Almost at random, I picked up a copy of Virginia Woolf’s To The Lighthouse. As a student, I had never had either the patience or the intellect to appreciate Woolf’s writing; I was able to write decent parodies of Mrs. Dalloway, but that didn’t mean I really understood it. I struggled through the first page or so, the way I always struggle through just about any first page when I’m learning how to immerse myself in a particular author’s world view. Nothing much happens in these first paragraphs—Mrs. Ramsay assures her six-year-old son James that they will go to the lighthouse tomorrow if the weather is “fine.”

But when I read the next page, when James’s hopes are dashed by his father who declares, “But it won’t be fine,” something was already happening to me as a reader. I was being completely transported into the mind of a six-year-old boy, whose fragile aspirations could be so easily shattered. For the next 250 or so pages, I found myself inside a writer’s mind and world in a way I had hardly ever experienced before. I was Mrs. Ramsay, I was Mr. Ramsay, I was James, and I was Lily Briscoe, and I was a passel of other characters whose names I can no longer remember.

To The Lighthouse wasn’t the only Woolf book that had that effect on me. It wasn’t a one-night stand; it was a reader truly falling in love with an author’s words. No matter what I read of Woolf’s, whether it was Night and Day or Between The Acts or Orlando or even Mrs. Dalloway, which I had dismissed so stupidly so many years earlier, I felt as if I was tripping on some crazy literary drug, one that could put me into the mindset of any character. No writer but Virginia Woolf had ever had that effect on me.

Oh, and one more important thing happened when I fell in love with Woolf’s work; I found that I was able to write again, and I haven’t really stopped since.

Today, I would probably flunk any quiz about the plot of To The Lighthouse or just about any other Woolf novel I’ve read.
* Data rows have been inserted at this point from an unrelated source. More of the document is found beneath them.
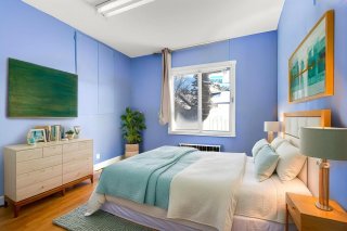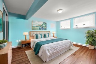 Une chambre avec plancher flottant, l'autre avec revêtement
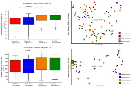 Comparison of the beta-diversity of the vaginal microbiota in women with BV and women with a healthy vaginal microbiota, at baseline (t0) and after (t1) 2 months of probiotic supplementation. On the left, the boxplot representations of within-group distances, and on the right the principal coordinate analysis (PCoA) plots, of unweighted and weighted UniFrac distance matrices, are illustrated. Each dot represents the vaginal bacterial community composition of one individual, and the groups were compared using Adonis for beta-diversity measures.
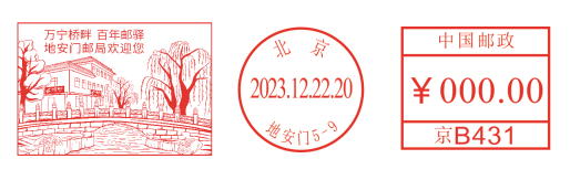 今年是地安門郵局遷入現(xiàn)址20周年,12月22日-31日開展遷址重張20周年紀念活動,正式啟用“萬寧橋畔 百年郵驛 地安門郵局歡迎您”郵資機宣傳戳。該宣傳戳以萬寧橋與地安門郵局房屋建筑為主要圖案,將門前楊柳、橋下鎮(zhèn)水獸、河中盛開的荷花等細節(jié)一一展現(xiàn),突出地安門郵局地域特點和歷史文化積淀。同時,配套印制同圖紀念封一枚。
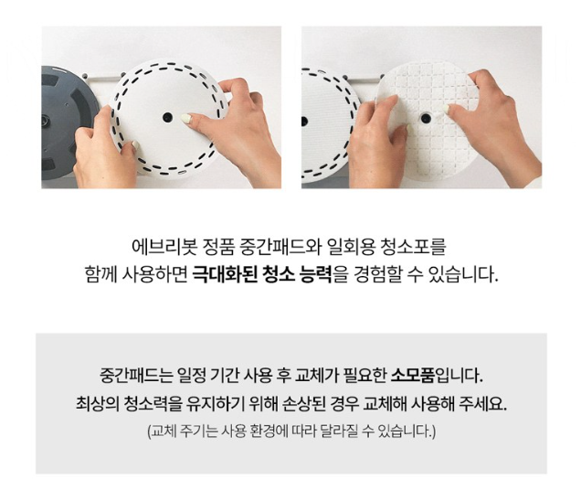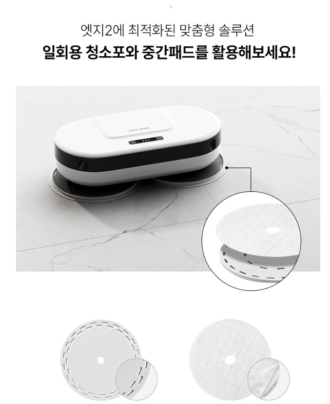 - 물걸레 전용 제품이므로 먼지 흡입 기능이 필요하다면 별도의 로봇청소기가 필요할 수 있습니다.
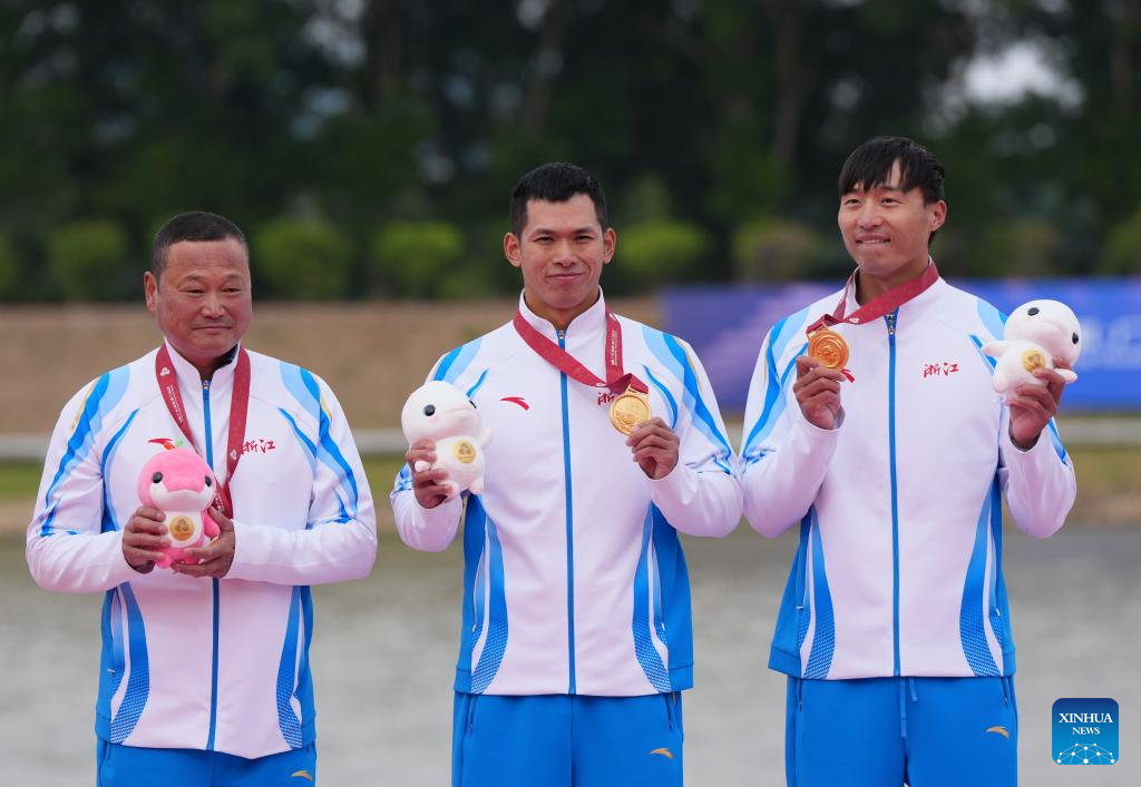 Gold medalists Wang Congkang (C)/Xu Jiawei (R) of Zhejiang pose with their coach during the awarding ceremony for the men's kayak double 500m of canoe sprint at China's 15th National Games in Guangzhou, south China's Guangdong Province, Nov. 19, 2025. (Xinhua/Jigme Dorji)
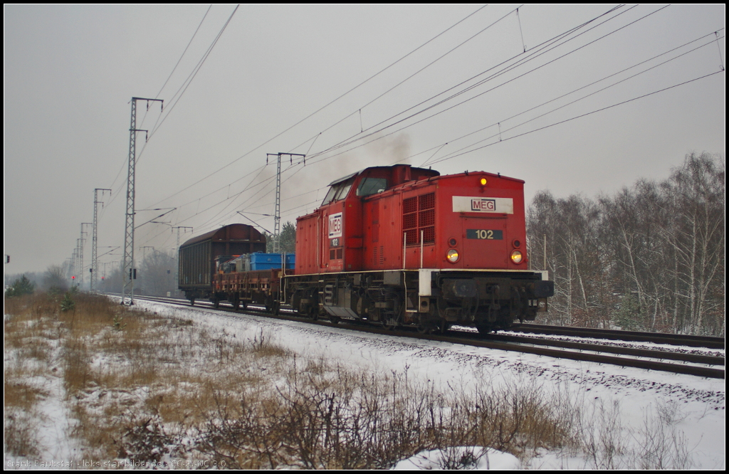 DB Schenker 140 070-2 mit Y-Transport in der Verbindungskurve nach Seddin mit Halt am Signal (gesehen Ludwigsfelde Genshagener Heide 07.04.2010)
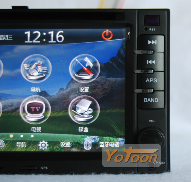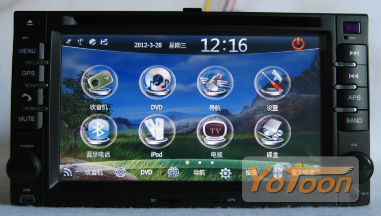 友通YOTOON系列影音导航产品全面支持USB/SD功能。全触摸控制功能,实现扫描播放、重复播放、随机播放;支持MP3/WMA/AVI/DAT/VOB多种音频及视频格式;支持JPG柯达相册、幻灯片自动播放。
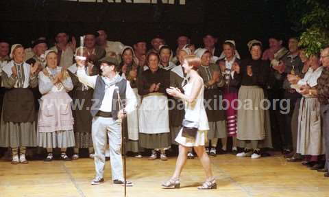 Irrintzi Taldeko kideak "Mutil Zar" lana antzezten, Zarauzko Zinema frontoian; ekitaldi hori Euskal Jaietako ospakizunen baitan burutu zen. Urte horretan, 1999ean, Zarautzen Euskal Jaiak hasi zireneko 75. urteurrena gogoratu zuten. Argazkian Maite Etxaniz alkatea taldeko kide batekin.
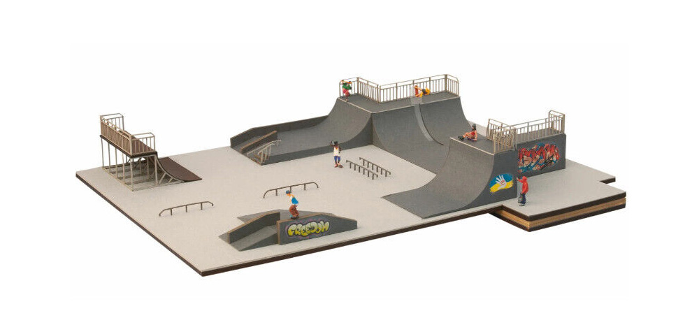 | |  | 66834 | 1/87 (HO) | Parc de Skate Board micro-motion‚ animé par des tours et des sauts de 6 skate boardeurs | 146,50 € | | | |

But what remains for me is the intensely empathetic and empathetically intense feeling I have whenever I think of those books or whenever I open them up to a random page.

Sometimes passions fade over time, and I’m not sure I would say that I’m still in love with To The Lighthouse or that I remember her well. Maybe I’m fickle; right now, I have a deeper passion for a newer lover called The Waves; I’m sure you’re familiar with the author.